Cassidy stared. The man almost smiled but his eyes looked sad for the first time.

“Go,” he said. His voice aged and rough suddenly.

Cassidy stood and knocked the chair over. It made no sound. He realized he didn’t know where he was or where he could go if he tried. Hadn’t it been Seville just a half hour before. No, it was Cabo San Lucas. Disney World, Borneo, East L.A., Alaska? Wasn’t there a menu with Spanish, Apache, German? He remembered the flamenco rhythm as Irish, Pete Seger, Wagner?


Cassidy woke first. He looked at her blonde hair on the blue pillow case and he was mad at her again. He sat up on the edge of the bed and she woke up. He was pensive when she reached for him.

“Are you okay?” she said.

He made some small sounds telling her to be quiet while he thought.

Cassidy’s face slipped into a grin and he looked at her. “What?” asked Christina.

“Sand in a glass. He can see it but he can’t touch it or take its measure. Every lie contains the truth. Oh, God. Why didn’t I figure that out then?” He realized he could fight. It wasn’t fixed. He might win.

“Are you okay?”

“Yes, God, yes. Christina?”

“Uh-huh.”

“I’m sorry for the way I’ve been acting.”

“It’s okay as long as you’re all right.”

Somehow that wasn’t what he wanted her to say.

Later in the day when there was nothing to do Cassidy asked, “Do you believe in God?”

“You know I do. What a silly question.”

“What about the Devil?”

“Yes. Why? We’ve never talked about this before.”

Because I knew we’d only fight. “What do you think the Devil’s will is?”

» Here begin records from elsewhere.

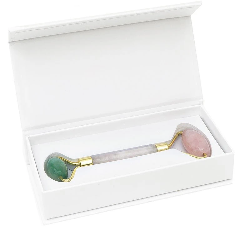 Ecococo Rose Quartz + Jade Crystal Face Roller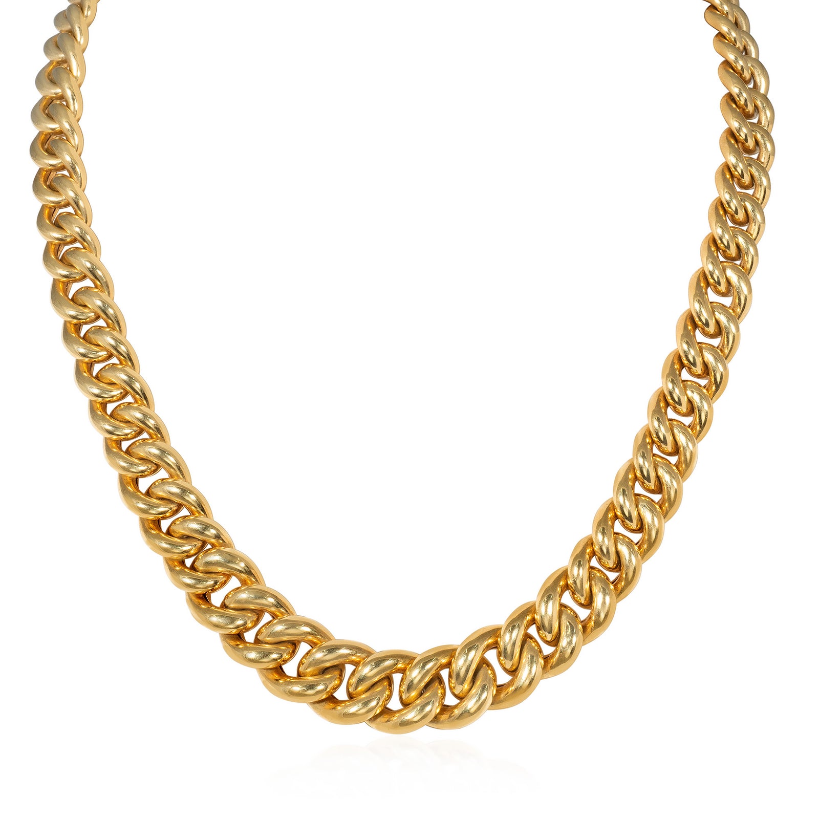 A graduated gold curb link chain necklace, in 18k. France.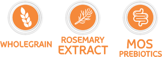 Wheat flour, whole wheat flour, canola oil, sunflower oil, sugar, rice flour (1.0%), carrots (0.5%), peas (0.5%), chia (0.3%), sodium hexametaphosphate, prebiotic additive (Mannanoligosaccharides), rosemary extract, Vitamin A, Vitamin D3, Vitamin E, Vitamin K3, Vitamin B1, Vitamin B2, Vitamin B6, Vitamin B12, niacin, calcium pantothenate, folic acid, choline chloride, biotin, iron sulfate, copper sulfate, manganese sulfate, zinc sulfate, calcium iodate and sodium selenite.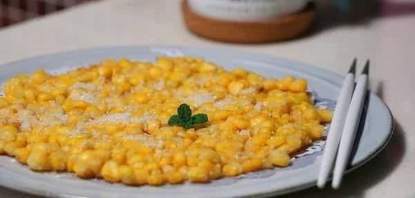 3、平底鍋刷油,玉米倒入鍋中壓緊,小火慢慢煎,翻面煎熟即可出鍋,出鍋切成小塊,撒點白糖就可以吃瞭。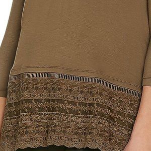 Top Features: scoop neckline, 3/4-length sleeves, front and back embroidery at hem, split back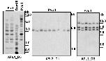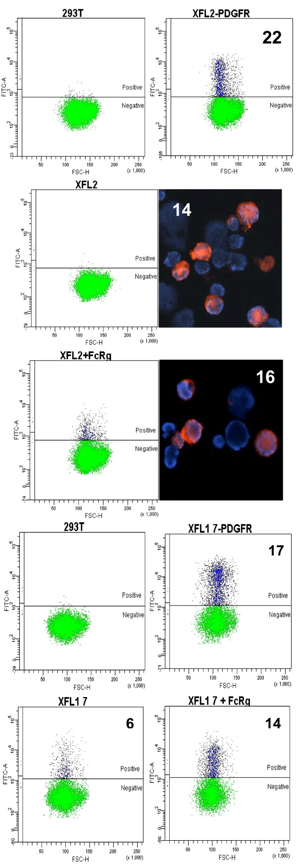 Figure 8. Requirements for the expression of XFL1.7 and XFL2 on the cell surface. Epitope-tagged XFL1.7 or XFL2 were ectopically expressed in their native forms, or with the TM regions replaced by that of PDGFR in transiently transfected 293T cells. Effect of co-transfection with FcRγ chain was also studied. Immunocytochemical staining of the XFL2-transfected cells is shown at right. Transfection efficiency is shown as percentage of antigen-positive cells.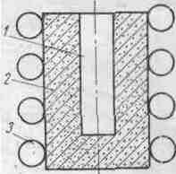 оверхность образца, покрытая пригаром, должна в раствор поваренной соли. К угольному электроду 3 и к зачищенному уголку быть сторону цилиндра /. Внутрь цилиндра через трубку 2 наливают 10%-ный раствор поваренной соли. К угольному электроду 3 и к зачищенному уголку образца присоединяют концы электрической цепи, питаемой через трансформатор переменным током напряжением 2,5 в (можно применять и более высокое вторичное напряжение, но не выше 12в). В цепь, включают миллиамперметр. При испытании в образец вдавливают пуансон и измеряют силу тока, проходящего через образец. Критерием прочности сцепления пригара с металлом может служить величина деформации, при которой сила тока, проходящего через образец, составляет минимальную величину.Зная толщину слоя пригара и сопротивление внешней цепи, проводников, можно установить суммарную величину площади, которая вследствие определенной деформации оказалась свободной от пригара (площадь отскоков).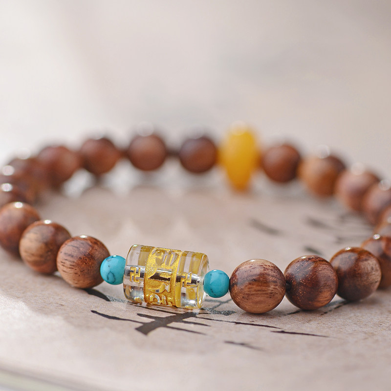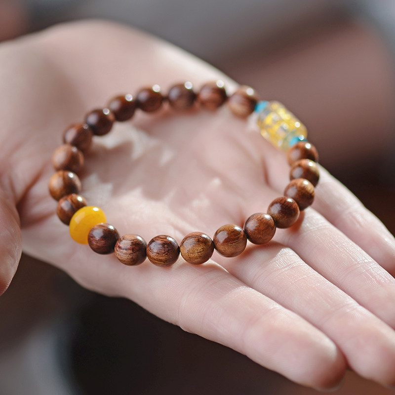 Landscape pattern strong fluorescent sea yellow old material bracelet Hainan Huanghuali Buddha bead hand 8mm single circle Jingulou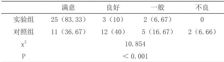 由下表 2 可知,实验组患者治疗后,患者满意度为 93.33% ,对照组患者治疗满意度仅为 76.67% ,明显低于实验组患者,数据差异具有统计学意义(P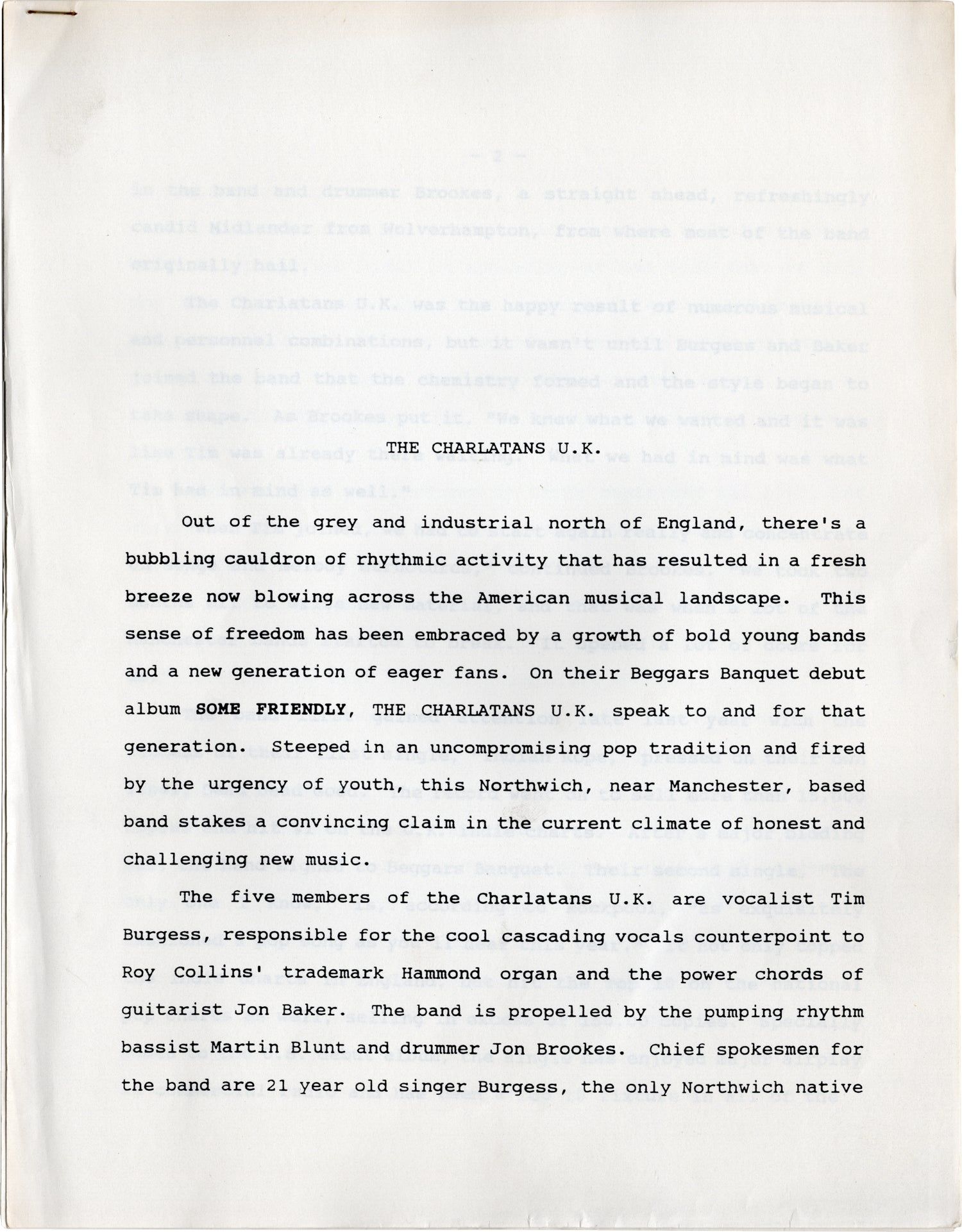 The six page biography, undated, was written after the release of their first two singles, "Indian Rope" and "The Only One I Know" (both released in early 1990), to introduce the band to the US market and in promotion of the upcoming October 1990 "Some Friendly" release, and includes a Xerographically reproduced copy of the first page of a New Musical Express article "Charlatans Aesthetic," dated September 15, 1990.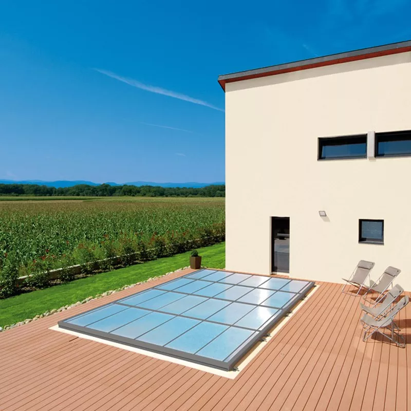 - Os módulos podem ser levantados e empilhados na extremidade da piscina para que a piscina fique completamente livre.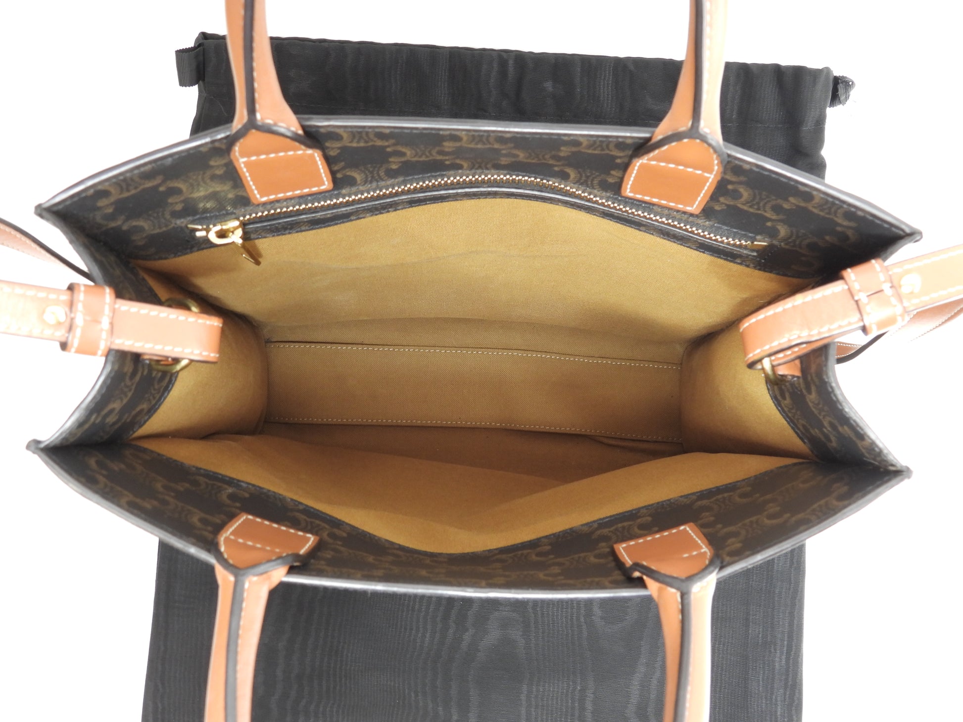 セリーヌ ミディアムバーティカルカバ トリオンフ 黒茶 s付ハンドバッグ トートバッグ 美品@U-LM-0290

“I’d say to ruin man. A lot of people over simplify it into a boogey man kind of deal but I’d say he wants us to follow his fall. Perhaps to justify his weakness. And to take us away from God.”

“Do you think he hates God?”

“Of course.”

“I’ve been thinking. Most of what man knows about the Devil isn’t even from the Bible. It’s from assumptions, fears, and childish neurosis of so called saints and holy men. If there really is an antithesis to God, how evil, how subtle and how utterly incomprehensible?” His face was frozen, only his lips moved.

“That’s pretty scary, Cass. Why have you been thinking about this? Is it your dreams?”

“Do you know what is scarier? That if, and I mean if, there is a God it means that the Devil’s will is God’s will.”

“That’s totally ridiculous. Don’t even say things like that around me if you have to think of them.”

“If it is the Devil’s will then it is God’s will. How dare you claim that you believe in an omniscient God without understanding the most simple implication of it?” And Cassidy left then. He didn’t come back that night. It was the closest thing they’d ever had to a fight.


“Hey, Cassidy.”

“Huh? Yeah.” He was thinking of how cold he ought to be this time of year in Nova Scotia. The windows were frosted but he was warm enough. He wondered why the room seemed funny. Why it didn’t seem to belong. Then he realized where he was. He put everything into seeing through it. Smelling the wooden table, feeling the air resist his hand while he went to touch his shirt collar. But it was real and he was sure.

“Where you sleeping?”

“Huh?”

“Never mind, it’s beside the point. You wanted to ask me something.”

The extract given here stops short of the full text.